TASK INPUTS
'''

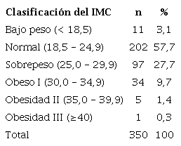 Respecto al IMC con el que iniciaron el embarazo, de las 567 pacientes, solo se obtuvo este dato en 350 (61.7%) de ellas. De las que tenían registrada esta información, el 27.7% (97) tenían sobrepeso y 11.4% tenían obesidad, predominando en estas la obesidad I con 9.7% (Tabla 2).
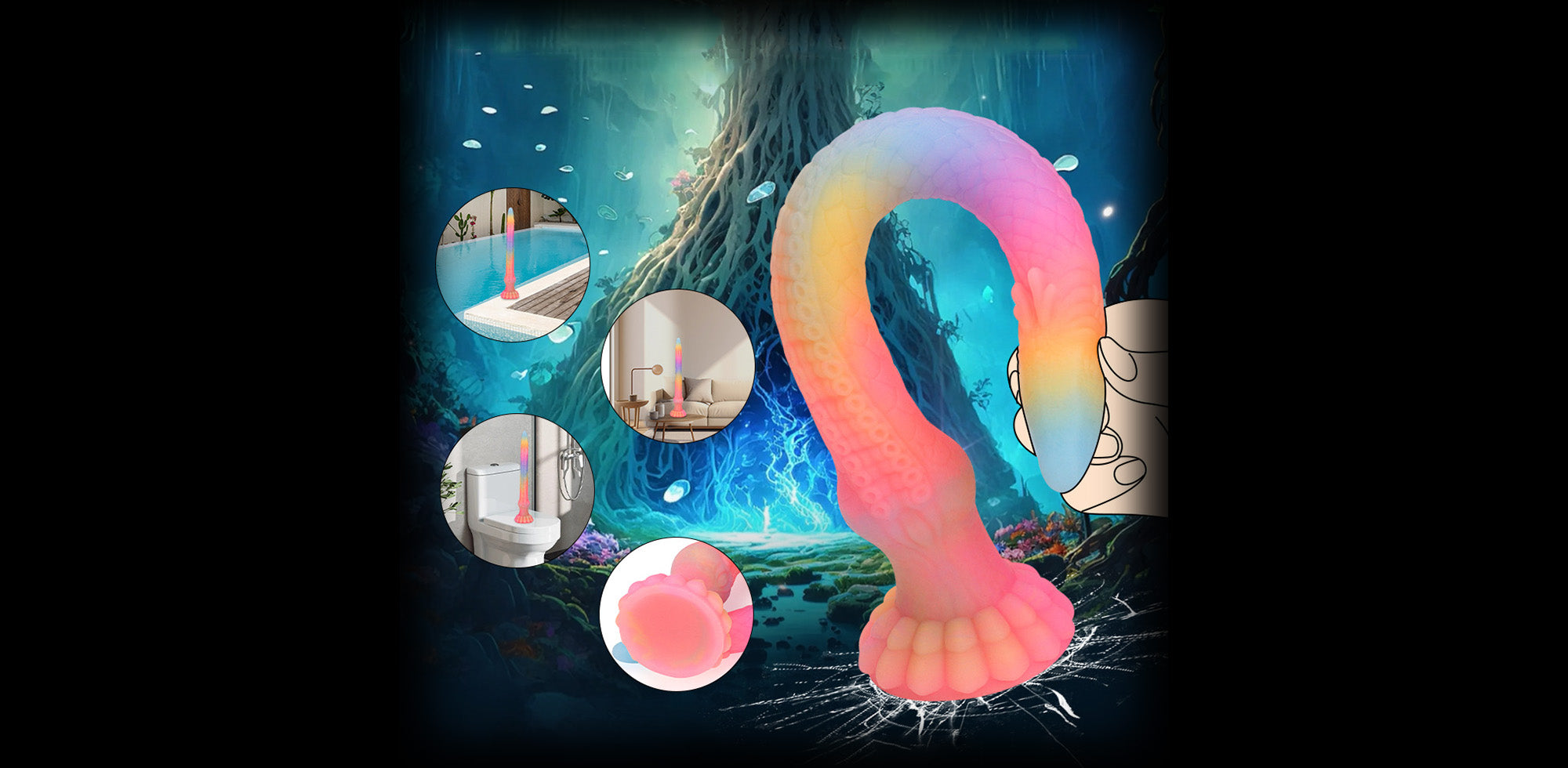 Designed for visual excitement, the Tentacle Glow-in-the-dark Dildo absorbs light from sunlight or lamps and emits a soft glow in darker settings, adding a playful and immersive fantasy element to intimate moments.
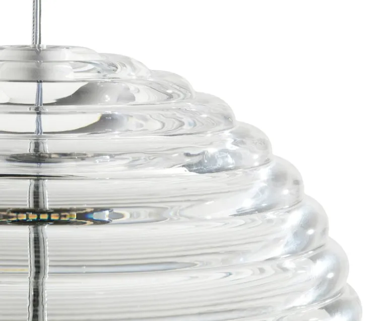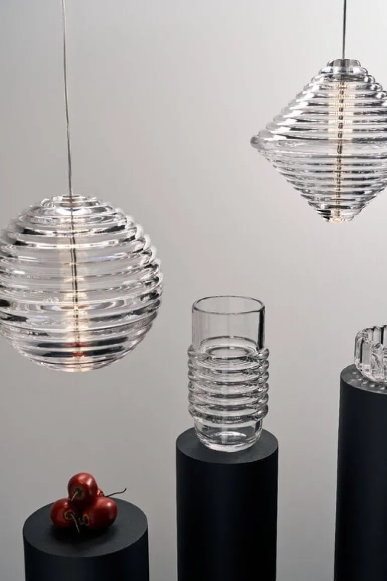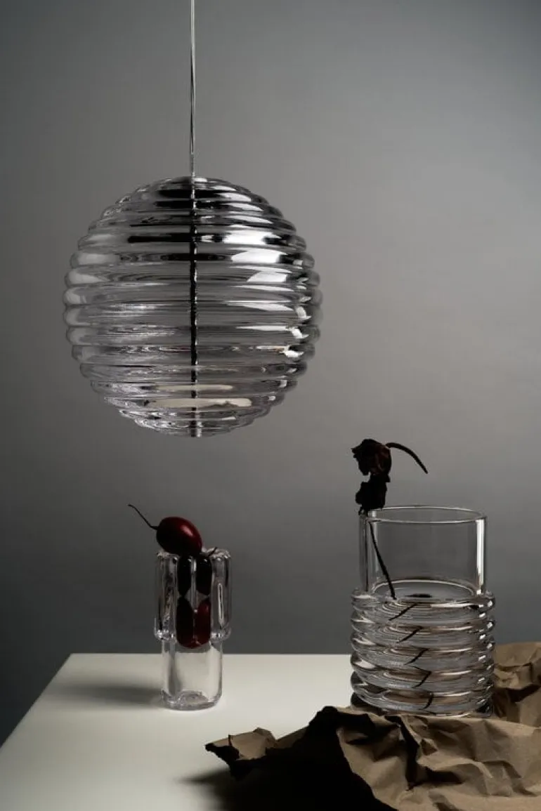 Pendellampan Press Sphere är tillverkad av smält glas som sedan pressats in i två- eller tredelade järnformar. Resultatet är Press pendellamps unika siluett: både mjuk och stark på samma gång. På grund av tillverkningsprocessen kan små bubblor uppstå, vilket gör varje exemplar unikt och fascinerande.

'''
'''

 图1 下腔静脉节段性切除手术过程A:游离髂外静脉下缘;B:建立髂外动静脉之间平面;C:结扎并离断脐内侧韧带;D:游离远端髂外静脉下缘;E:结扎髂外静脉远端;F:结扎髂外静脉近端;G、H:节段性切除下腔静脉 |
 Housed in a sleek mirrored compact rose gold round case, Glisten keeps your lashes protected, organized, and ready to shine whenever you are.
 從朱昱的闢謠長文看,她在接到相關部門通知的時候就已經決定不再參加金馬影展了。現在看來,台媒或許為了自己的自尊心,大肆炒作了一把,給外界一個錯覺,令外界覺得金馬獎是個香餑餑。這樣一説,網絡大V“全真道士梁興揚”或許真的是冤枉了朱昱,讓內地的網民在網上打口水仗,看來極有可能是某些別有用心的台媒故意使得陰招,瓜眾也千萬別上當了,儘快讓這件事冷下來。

'''

WHAT THE EXERCISE ASKS
Using the records above, repeat exactly the run of lines that starts with the line with "Designed for visual" and goes on through the line with "Pendellampan Press Sphere"; omit each picture.

REPLY
 Designed for visual excitement, the Tentacle Glow-in-the-dark Dildo absorbs light from sunlight or lamps and emits a soft glow in darker settings, adding a playful and immersive fantasy element to intimate moments.
 Pendellampan Press Sphere är tillverkad av smält glas som sedan pressats in i två- eller tredelade järnformar. Resultatet är Press pendellamps unika siluett: både mjuk och stark på samma gång. På grund av tillverkningsprocessen kan små bubblor uppstå, vilket gör varje exemplar unikt och fascinerande.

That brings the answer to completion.